**Dataset**

== Segment start ==

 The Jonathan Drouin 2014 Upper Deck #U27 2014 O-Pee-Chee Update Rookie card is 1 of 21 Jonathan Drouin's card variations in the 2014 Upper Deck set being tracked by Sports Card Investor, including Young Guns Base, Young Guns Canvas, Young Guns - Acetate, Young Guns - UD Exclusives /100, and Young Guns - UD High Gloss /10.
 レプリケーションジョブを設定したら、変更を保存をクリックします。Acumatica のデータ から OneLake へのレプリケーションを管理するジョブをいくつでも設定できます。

== Segment end ==
== Segment start ==

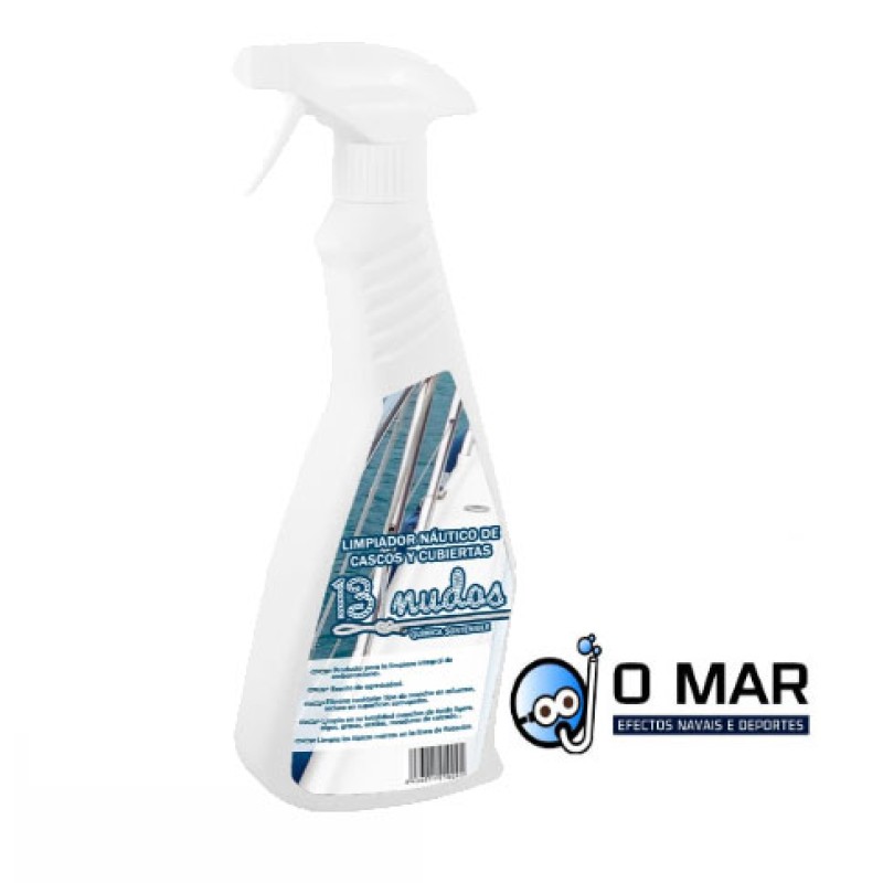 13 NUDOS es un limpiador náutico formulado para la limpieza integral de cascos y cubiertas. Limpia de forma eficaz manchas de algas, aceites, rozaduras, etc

== Segment end ==

**What you have to do**
Taking the lines above, repeat exactly those from the line that contains "The Jonathan Drouin" through the line that contains "レプリケーションジョブを設定したら、変更を保存をクリックします。Acumatica のデータ から", and both of those lines as well. Include nothing else.

**Output for this exercise**
 The Jonathan Drouin 2014 Upper Deck #U27 2014 O-Pee-Chee Update Rookie card is 1 of 21 Jonathan Drouin's card variations in the 2014 Upper Deck set being tracked by Sports Card Investor, including Young Guns Base, Young Guns Canvas, Young Guns - Acetate, Young Guns - UD Exclusives /100, and Young Guns - UD High Gloss /10.
 レプリケーションジョブを設定したら、変更を保存をクリックします。Acumatica のデータ から OneLake へのレプリケーションを管理するジョブをいくつでも設定できます。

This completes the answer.